Home Blog Theoretical aspects of using artificial intelligence for SEO
The Machine Learning Model
The basic idea is to “do like Google”, which is to go to the root to understand what makes a web page relevant for a search. The task is to “decode” the choices that the Mountain View search engine makes.

The approach, therefore, starts from the SERPs, patiently cataloging all the URLs and keywords of a given semantic area.

Why the semantic area? Because every customer lives on the web in a specific ecosystem made up of topics, competitors, and particular researches. Just as Google treats searches from different areas differently, we also need to analyze that particular ecosystem.

How does use AI for better search results

Our analysis allows us to create 3 very important Machine Learning models:
  • identify which URLs deserve the first page and for what reason
  • identify the Search Intent behind each keyword
  • identify which topics and words are decisive within the content
  • keep track of all ongoing changes in Google SERP using the best Google Rank Tracker

To do all this we have analyzed more than 500 factors that we take directly from SERPs and Web Pages.

The result is a clear and objective vision of which are the most important areas for good positioning.

The model should report categories and individual ranking factors by identifying their relative importance. This allows to prioritize the actions that can actually make the difference between the first and second page.

Furthermore, from such a model we can identify which thresholds are necessary for the individual actions to be performed, facilitating the task of those who put their hand directly to the site.

While for the contents we can both analyze the content of every single page and consequently which topics and words are important to use for each keyword.
One of the main issues: noise filtering
The huge number of events and data collected from Google’s ecosystem is not something that a human can keep track of, and not even something the usual analysis tool can handle. The best solution to analyzing this data and making informed decisions is to use machine learning algorithms, and it all starting with eliminating the “useless” events and data.

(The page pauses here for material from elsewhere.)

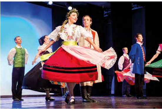
Serbski ludowy ansambl/ Sorbisches National- Ensemble Deutschland/ Germany

The market is scarce at the moment in technologies for gathering data from vast systems with automation capabilities – the closest approach to what we need being Siscale’s Aiops system.

Reducing noise is just a first step in making the life of SEO easier. Even with a reduced number of events, we need to have an intelligent machine learning approach in the form of process automation.
The results
The results we might obtain is interesting only in case it validates both the approach and the functioning of the model and its indications.

The results of organic traffic are always the most important, but we have also to be interested in understanding if the “predictions” of the model will be validated on a general level.

In particular, what counts the most is understanding if the pages (of the whole dataset) will actually improve their position.

In the case of the pages identified as “Optimal”, that is, that satisfied the positioning factors found in the best way possible, they should see their situation improved.

At the same time, the less optimized pages will probably lose ground, especially if they are positioned well in the beginning.

The advantage of such a system will be its capability to continuously modify the parameters to perform the needed re-optimization with every significant change in the Google ecosystem.